HK1168121A - New dispersion adhesives, method for their manufacture and application thereof - Google Patents

Abstract

The present invention relates to a new aqueous dispersion adhesive, a method for producing the same and uses thereof in furniture and automobile industry.

Description

The present invention relates to novel aqueous dispersion adhesives, their manufacturing processes and their use in the furniture and automotive industries.

Err1:Expecting ',' delimiter: line 1 column 254 (char 253)

The present invention was therefore intended to provide cost-effective alternatives to aqueous dispersion adhesives, particularly in the automotive industry.

Surprisingly, it has now been found that aqueous dispersion adhesives containing certain carbodiimides and polyurethane dispersions do not have the disadvantages of the state of the art and are excellent as dispersion adhesives for use in the furniture and automotive industries.

Err1:Expecting ',' delimiter: line 1 column 253 (char 252)

Mixtures of carbodiamides of formula (1) including the corresponding oligomers and/or polymers may also be used.

Preferably, monomeric carbodiimides of formula (I) based on aromatic and/or aliphatic diisocyanates are used.

Err1:Expecting ',' delimiter: line 1 column 205 (char 204)

The abovementioned carbodiimides of formulae (I) to (IV) may also be produced by manufacture in mixtures of monomeric, oligomeric and/or polymer compounds, which are also covered by the subject matter of the invention.
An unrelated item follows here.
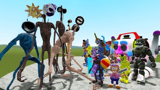 Все сиреноголовые против всех фнаф аниматроников в гаррис мод! игра и игры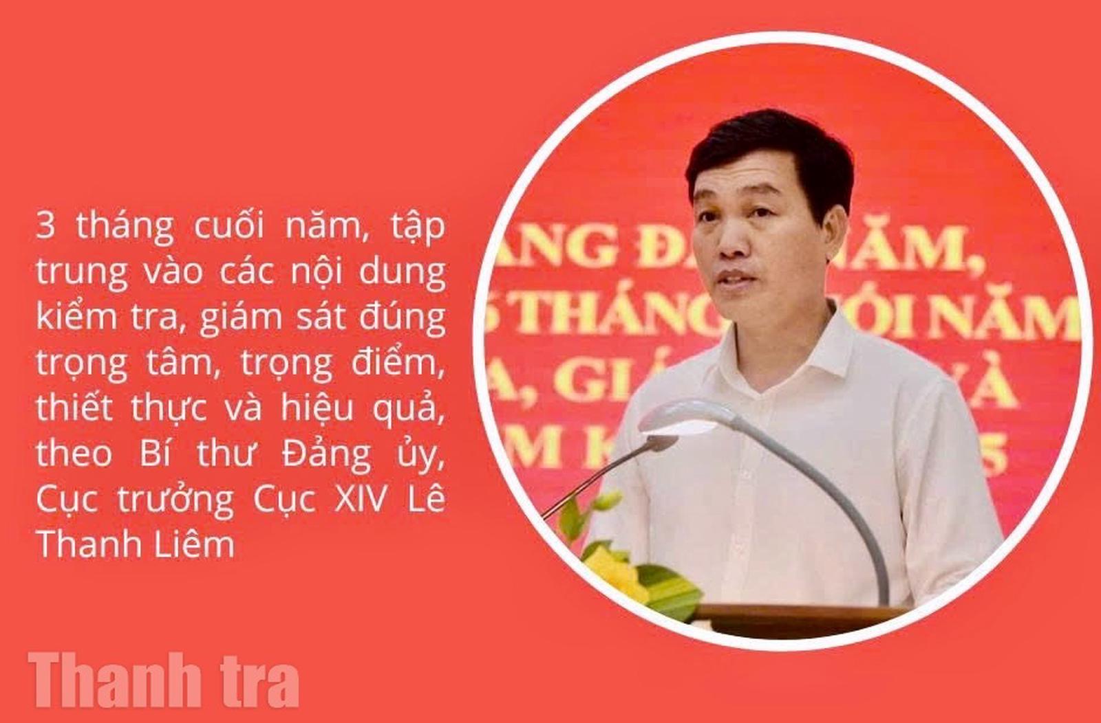 Bí thư Đảng ủy, Cục trưởng Cục XIV Lê Thanh Liêm cho biết, thực hiện Chương trình kiểm tra, giám sát của Đảng ủy và Ủy ban Kiểm tra Đảng ủy Thanh tra Chính phủ, Đảng ủy và Ủy ban Kiểm tra Đảng ủy Cục đã bám sát và thực hiện tốt, toàn diện chương trình, kế hoạch kiểm tra, giám sát năm 2025.

The compounds of formula (I) to (IV) are commercially available, e.g. from Rhein Chemie Rheinau GmbH, or can be produced by the usual processes, e.g. as described in DE-A-11 30 594 or US 2 840 589, or by the condensation of diisocyanates by decomposition of carbon dioxide at elevated temperatures, e.g. 40 to 200 °C, in the presence of catalysts. For example, strong bases or phosphorus compounds have proven to be catalysts. Phospholenoxides, phospholidines or phospholinoxides and the corresponding sulfides are preferred.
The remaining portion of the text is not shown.